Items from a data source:
*** Begin section ***

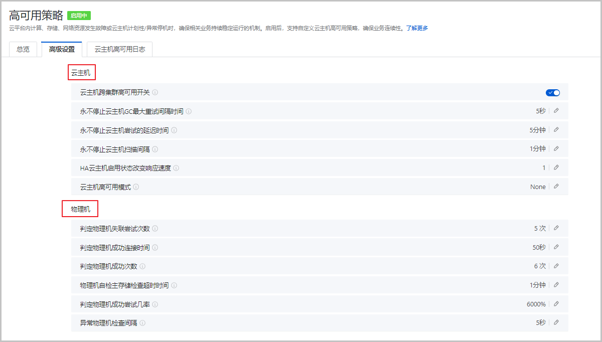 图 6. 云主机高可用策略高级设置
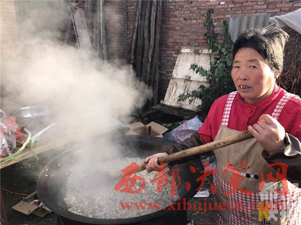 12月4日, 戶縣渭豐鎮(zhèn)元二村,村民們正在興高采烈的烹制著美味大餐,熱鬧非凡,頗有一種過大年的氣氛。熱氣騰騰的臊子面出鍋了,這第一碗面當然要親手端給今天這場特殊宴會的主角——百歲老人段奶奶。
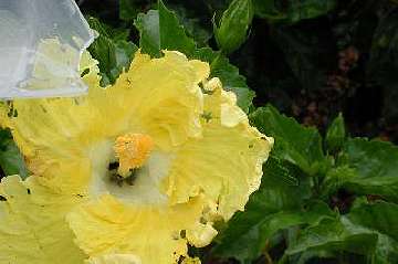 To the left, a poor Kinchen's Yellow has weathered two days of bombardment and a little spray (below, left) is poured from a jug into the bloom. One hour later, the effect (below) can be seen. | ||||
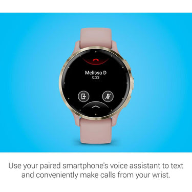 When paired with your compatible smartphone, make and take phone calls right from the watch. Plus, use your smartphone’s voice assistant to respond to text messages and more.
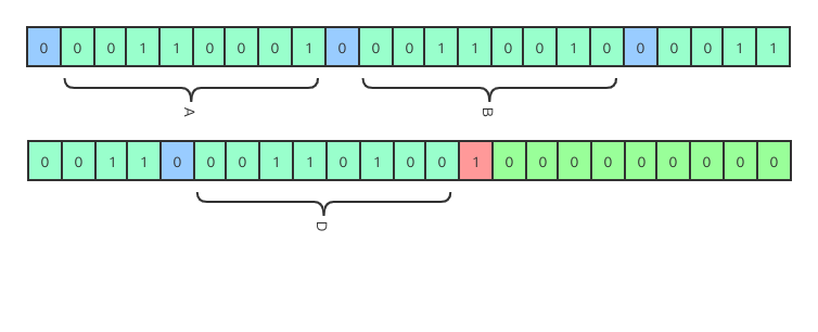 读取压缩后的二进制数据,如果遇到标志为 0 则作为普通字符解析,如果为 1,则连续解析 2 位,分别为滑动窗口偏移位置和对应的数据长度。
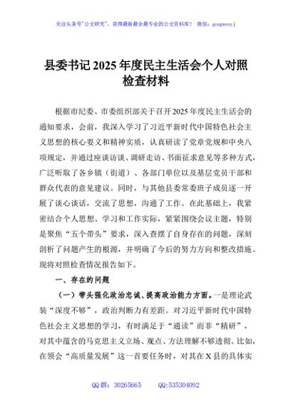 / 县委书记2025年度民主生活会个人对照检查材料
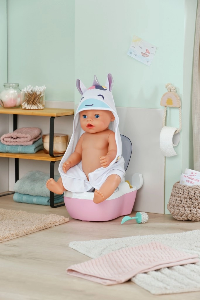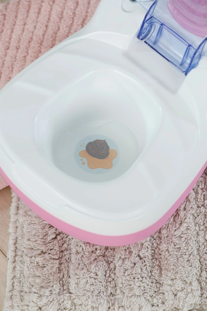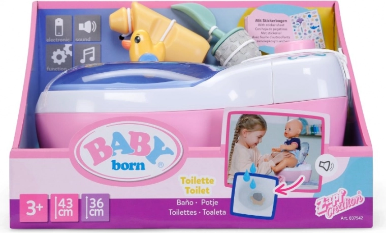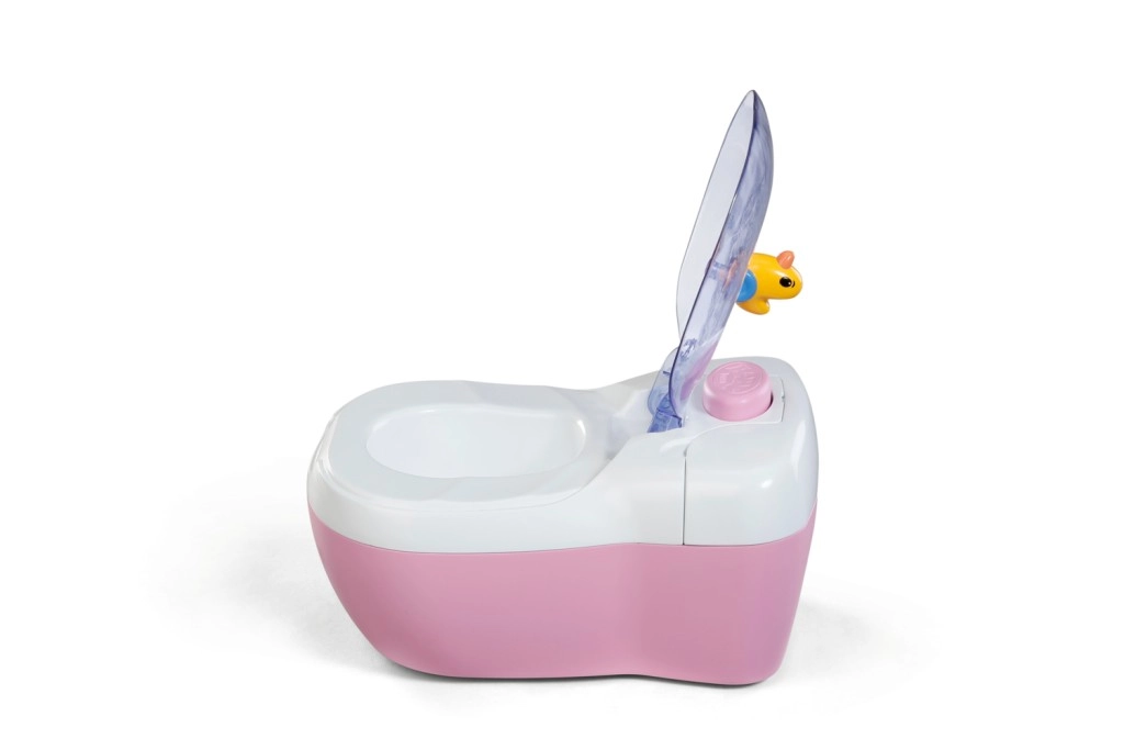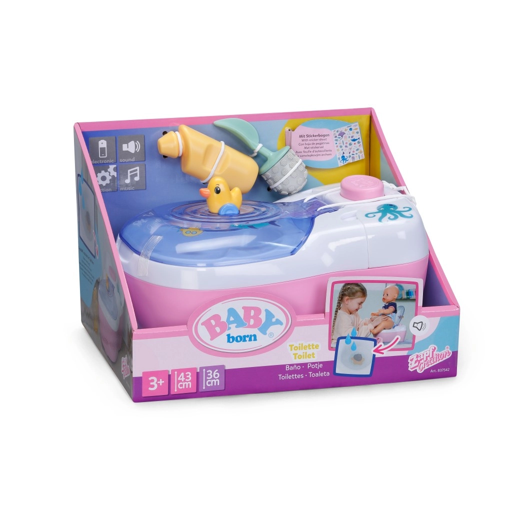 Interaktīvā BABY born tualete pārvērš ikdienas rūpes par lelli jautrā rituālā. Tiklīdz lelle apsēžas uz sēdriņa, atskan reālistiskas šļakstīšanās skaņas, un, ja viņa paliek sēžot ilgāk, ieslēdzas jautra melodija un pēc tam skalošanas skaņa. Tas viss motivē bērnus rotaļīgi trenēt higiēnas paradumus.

*** End section ***

# PROBLEM TO SOLVE
Apart from the images, every line above needs to be printed again exactly.

# RESPONSE
 图 6. 云主机高可用策略高级设置
 12月4日, 戶縣渭豐鎮(zhèn)元二村,村民們正在興高采烈的烹制著美味大餐,熱鬧非凡,頗有一種過大年的氣氛。熱氣騰騰的臊子面出鍋了,這第一碗面當然要親手端給今天這場特殊宴會的主角——百歲老人段奶奶。
 To the left, a poor Kinchen's Yellow has weathered two days of bombardment and a little spray (below, left) is poured from a jug into the bloom. One hour later, the effect (below) can be seen. | ||||
 When paired with your compatible smartphone, make and take phone calls right from the watch. Plus, use your smartphone’s voice assistant to respond to text messages and more.
 读取压缩后的二进制数据,如果遇到标志为 0 则作为普通字符解析,如果为 1,则连续解析 2 位,分别为滑动窗口偏移位置和对应的数据长度。
 / 县委书记2025年度民主生活会个人对照检查材料
 Interaktīvā BABY born tualete pārvērš ikdienas rūpes par lelli jautrā rituālā. Tiklīdz lelle apsēžas uz sēdriņa, atskan reālistiskas šļakstīšanās skaņas, un, ja viņa paliek sēžot ilgāk, ieslēdzas jautra melodija un pēc tam skalošanas skaņa. Tas viss motivē bērnus rotaļīgi trenēt higiēnas paradumus.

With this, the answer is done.